Три вождя — Ван Лунь, Го, Желтый Колокол — вскоре объединились. Ван бушевал, негодуя на собственных солдат. Некоторых он велел обезглавить еще в ходе отступления — потому что они, как было доказано, сеяли панику. Весь пыл его ярости обрушился на только что разбитое войско. Лишь благодаря его твердокаменному упорству мятежники уже через два дня смогли в боевом порядке двинуться в северо-восточном направлении — навстречу выступившим против них солдатам Чжаохуэя. Шесть тысяч человек под командованием Го остались на месте, чтобы прикрывать тылы. Была достигнута договоренность с независимыми отрядами мятежников: о том, что отныне они будут согласовывать свои вылазки и грабежи с планами повстанческой армии.

Чжаохуэй отклонил предложения помощи со стороны командования провинциальных войск. Получив сообщение о разгроме мятежников в Пекине, он стянул в один кулак остававшиеся под его началом разрозненные воинские части.

И под громами и молниями первой грозы того лета, через десять невыносимо знойных дней после бегства повстанцев из столицы, два враждебных войска встретились на холмах Инпина. Сопение и хрюканье в небесах, потряхивание гривой, скрежет зубов, удары хвоста, выкачивание глаз — благодарных зрителей для этого спектакля не нашлось. Из черного воздуха на невидимом шнуре свисал — висел над обеими армиями — гигантский гонг, его удары раззадоривали противников. Два снежных барса прыгнули друг на друга. Ветераны джунгарской войны со сладострастием утоляли жажду крови. «Поистине слабые» позволили разгоряченному врагу зажать их в кольцо своих лап — и потом сломали ему хребет.

Чжаохуэй, гарцевавший на сером жеребце, наблюдал за ходом сражения сверху, с холма. Ван Лунь же катил свою молотилку понизу, по дороге, обмолачивая человекозерно. Потом чернота неба с треском разорвалась, и из трещины посыпались градины, затанцевали на головах. «Поистине слабые» даже в слепящем хаосе бури сражались с ледяным спокойствием. Не обращая внимания на раны. Им было все равно, умрут они или останутся в живых. Огонь, поначалу воодушевлявший джунгарских ветеранов, не пожрал себя до конца — начал чадить, колебаться. Мятежники не предпринимали стремительной атаки: одолевали врага постепенно и невозмутимо, не столько тесня его, сколько сами теснимые железной необходимостью.

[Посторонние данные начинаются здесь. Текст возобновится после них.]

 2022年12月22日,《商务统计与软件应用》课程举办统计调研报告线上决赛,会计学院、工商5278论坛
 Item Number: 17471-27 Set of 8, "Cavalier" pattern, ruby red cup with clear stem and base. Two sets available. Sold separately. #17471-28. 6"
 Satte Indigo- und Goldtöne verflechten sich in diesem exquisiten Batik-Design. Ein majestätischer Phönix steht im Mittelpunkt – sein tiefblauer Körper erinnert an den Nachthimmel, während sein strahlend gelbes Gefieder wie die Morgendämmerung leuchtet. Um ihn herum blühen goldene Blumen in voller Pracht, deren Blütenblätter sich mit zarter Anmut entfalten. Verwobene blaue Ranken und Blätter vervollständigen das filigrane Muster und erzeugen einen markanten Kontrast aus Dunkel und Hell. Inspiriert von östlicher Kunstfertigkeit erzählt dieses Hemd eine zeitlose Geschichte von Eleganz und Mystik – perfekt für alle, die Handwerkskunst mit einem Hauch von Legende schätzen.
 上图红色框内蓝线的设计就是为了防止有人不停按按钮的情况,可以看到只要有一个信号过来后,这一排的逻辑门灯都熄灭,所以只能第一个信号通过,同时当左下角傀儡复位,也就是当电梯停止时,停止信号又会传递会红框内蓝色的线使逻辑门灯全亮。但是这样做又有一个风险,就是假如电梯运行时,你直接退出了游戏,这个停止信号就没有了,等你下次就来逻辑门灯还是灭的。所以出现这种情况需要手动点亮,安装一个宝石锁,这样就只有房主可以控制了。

Когда Чжаохуэй со своими сломленными солдатами наконец обратился в бегство, мятежники преследовали его по пятам. Однако преследуемыми были и те, и другие. И те, и другие бежали, бросая убитых, сломанные повозки, лишенные мускульной силы мечи и топоры — как будто все это годилось лишь на удобрение для полей.

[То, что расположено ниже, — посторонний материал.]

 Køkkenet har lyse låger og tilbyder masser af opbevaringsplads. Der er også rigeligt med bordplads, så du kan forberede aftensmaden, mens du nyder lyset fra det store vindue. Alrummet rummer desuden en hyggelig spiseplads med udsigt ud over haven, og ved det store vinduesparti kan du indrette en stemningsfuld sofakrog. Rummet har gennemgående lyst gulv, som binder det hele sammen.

Потерпевший поражение императорский полководец затворился в городе Шаньхайгуань.

ЖЕЛТЫЙ КОЛОКОЛ

и Ван Лунь, оба на конях, проехались вдоль стены, защищавшей западную, обращенную к морю часть города.

Красный дворец военачальника сверкал как лезвие алебарды, к югу от него широко расставила ноги серая мемориальная арка; табличка на ее лбу восхваляла давние победы над монгольскими князьями.

Отсюда, с возвышенности, можно было видеть грязно-желтое море, белые паруса джонок, парившие над волнами. Город соскальзывал в море, усеивая дельту реки и укрепленное побережье домами-лодками; если бы не метровой ширины стена с дозорными башнями, этими хищными твердокаменными челюстями, мятежникам хватило бы одной атаки, чтобы опрокинуть императорских солдат в прибрежные воды.

Желтый Колокол задумчиво смотрел на серые крыши с отблесками неяркого солнца. Он вспоминал ту ночь полнолуния, когда они с Ваном стояли на опушке леса перед другим, полуразрушенным городом. Лист книги перевернулся. Много ли пройдет времени, прежде чем и эти стены встретятся со своей судьбой?

Ван дотронулся до руки друга. Сказал, что, если бы речь шла о нем, он бы предпочел штурмовать город немедленно. Но какими сильными, каким бесценным сокровищем были братья и сестры, погибшие в Монгольском квартале, — какую силу духа они проявили!

«Знаешь ли ты, Желтый Колокол, как выглядит судьба? Как труп: с ней нельзя заговорить, ее нельзя ни умилостивить, ни рассердить; можно только приманивать ее душу вымпелами — укрепив их в саду, и на крыше, и перед дверью, и во дворе!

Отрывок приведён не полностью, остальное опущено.